Earlier this year, Arkansas attempted to outright ban PBMs from owning pharmacies in-state, potentially forcing all CVS locations within Arkansas to close. The law has been temporarily halted by a judge who wrote that the law “likely violates” the U.S. Constitution’s commerce clause. The ongoing legal challenge is currently proceeding through the federal courts.

What’s the Latest in Louisiana?

The Pharmacy Benefit Manager Monitoring Advisory Council, established by statute in 2019, is tasked with advising the legislature, the Commissioner of Insurance, and the Board of Pharmacy on regulation of PBMs to protect public interests.
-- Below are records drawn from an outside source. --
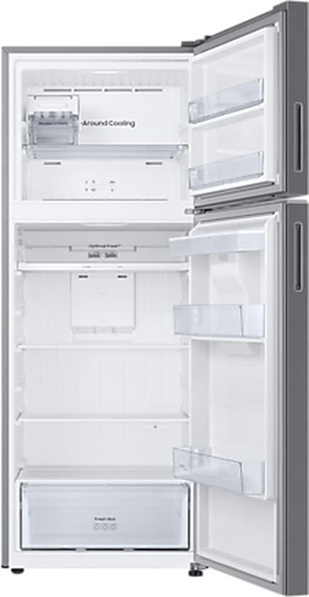 combikoelkast 70cm 462l nofrost – samsung – RT47CG6726S9 – De Samsung RT47CG6726S9 combikoelkast met Ventilated Cold-technologie zorgt voor een betere bewaring van voedsel dankzij een verschillend vochtigheidsniveau tussen de vriezer en de koelkast. Het Multi-flow systeem zorgt voor een gelijkmatige verdeling van de kou in de holle ruimten en voorkomt vorstvorming. Combi – linksboven. Space MaxTM-isolatietechnologie maakt het mogelijk om dunnere wanden te hebben en daardoor de binnencapaciteit te vergroten met behoud van dezelfde voetafdruk. De Fresh Zone biedt een lagere temperatuur dan de koelkastruimte, waardoor voedsel zoals vlees en vis daar kunnen worden bewaard. – Producttype: 2-deurs koelkast
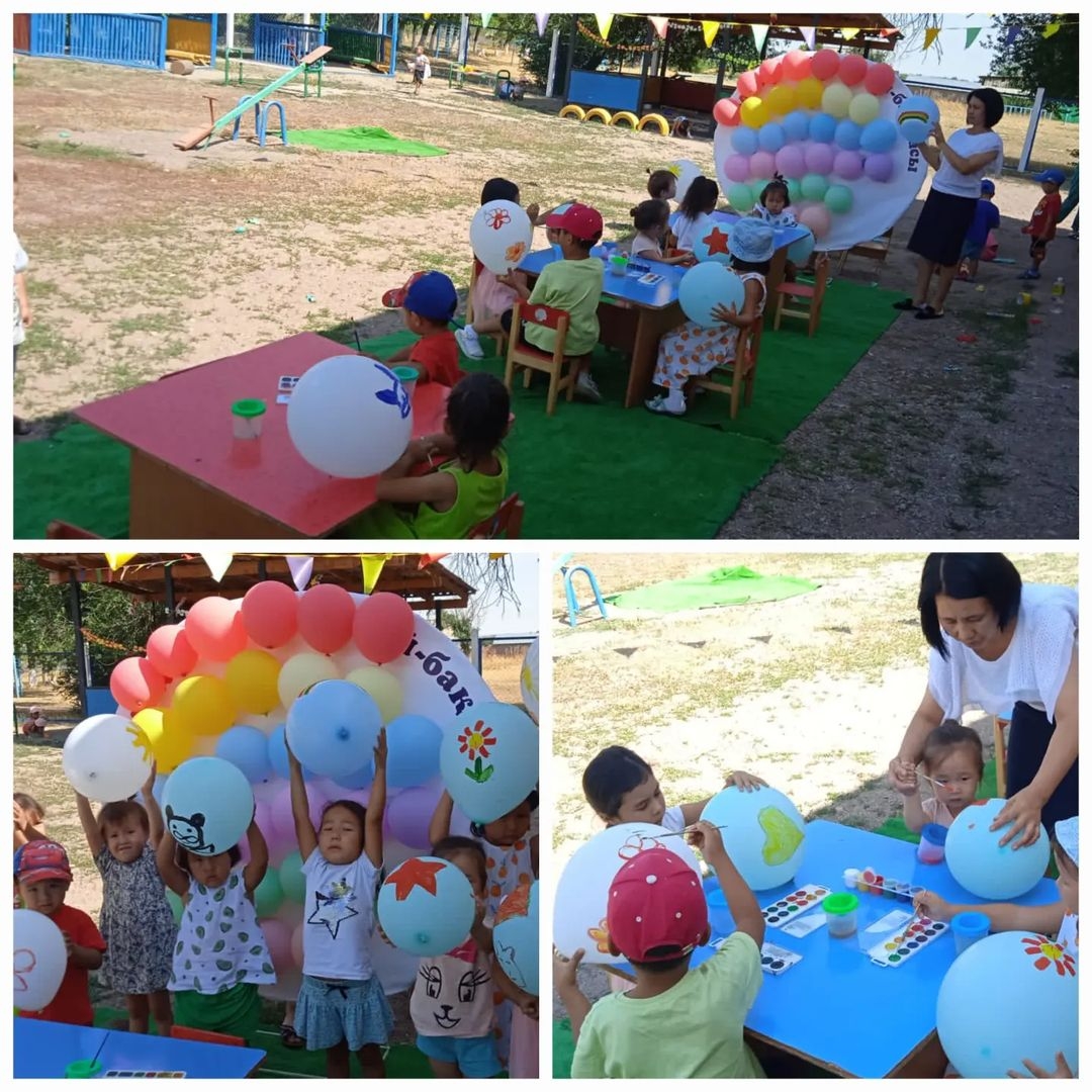 "Балапан" бөбекжай- бақшасында жаздық сауықтыру кезеңіне байланысты "Түрлі-түсті шарлар" атты тақырыпта балалар түстерді ажыратып, бояу арқылы шараларға сурет салып, түрлі -түсті шаралармен кемпірқосақ бейнесін құрастырып шықты
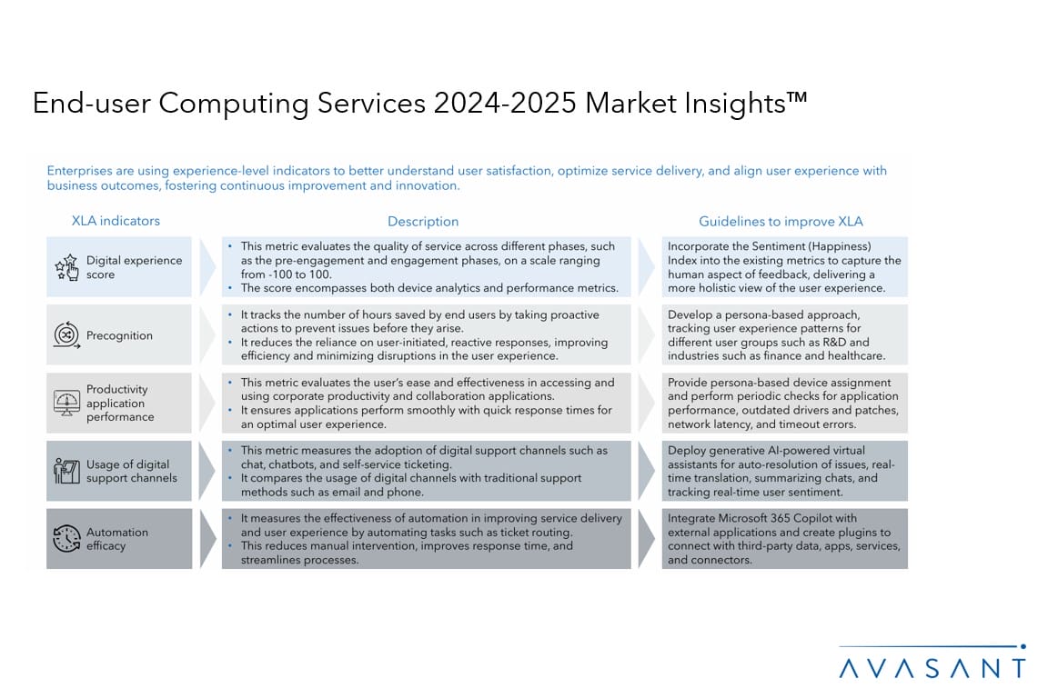 Enterprises focus on improving user experience and productivity by leveraging emerging technologies such as AI and analytics across various applications. They use generative AI to enhance communication, boost productivity with AI-powered PCs, strengthen endpoint security, and deploy chatbots for efficient support. They are moving away from the service-level agreement (SLA)-based pricing model to the experience-level agreement (XLA)-based pricing model, which focuses on user experience and outcomes rather than solely on technical performance.
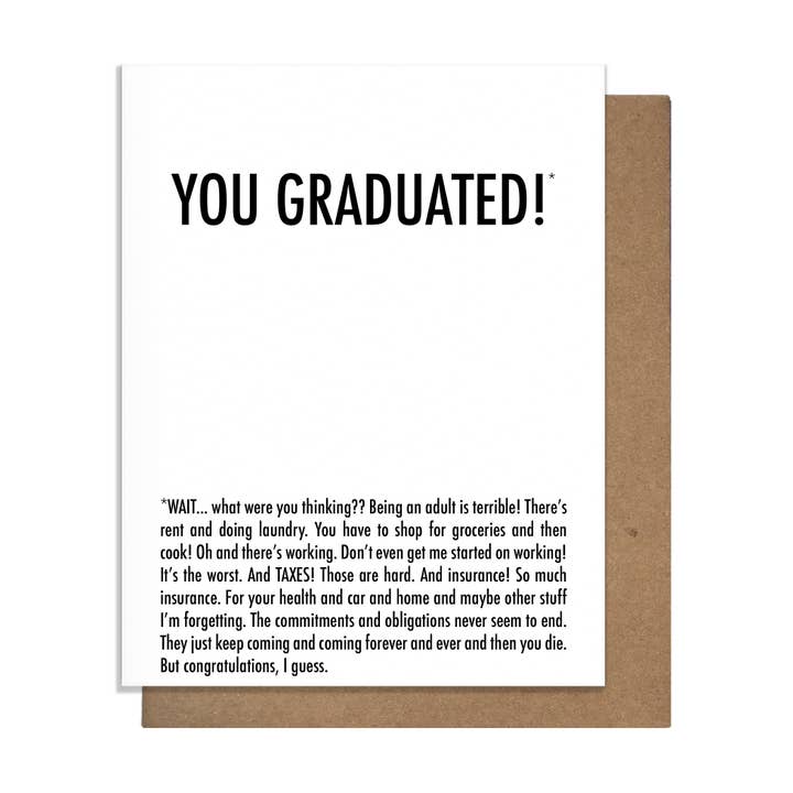 This graduation card is letterpress printed on a vintage Windmill press in Raleigh, NC. Each card is 100% cotton paper, blank inside, includes a kraft envelope and cello sleeve. A2 size (4.25" x 5.5")
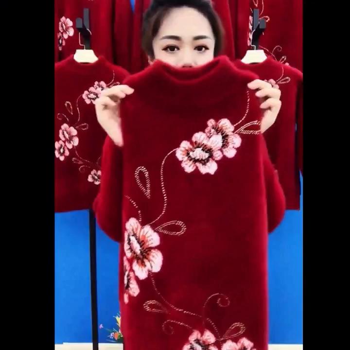 Vinterimitation minktröja för medelålders kvinnor Förtjockad mammatröja

The Council has met twice this fall, with meetings generally taking on a critical tone toward PBMs.

Nearly all invited testimony so far has represented critics of PBM practices, with speakers urging the state to regulate private contracts, limit fees, and cap negotiated rebate amounts. However, at the most recent meeting, an economics professor testified on behalf of the Pharmaceutical Care Management Association, defending the competitive role PBMs play in the marketplace, but his comments were met with frustration from Council members.

The chairman closed the meeting by calling on the Department of Insurance to issue a ruling on the licensure status of the Big Three PBMs in Louisiana after they failed to respond to requests for testimony before the Council. The Council is expected to meet regularly between now and the Spring 2026 legislative session.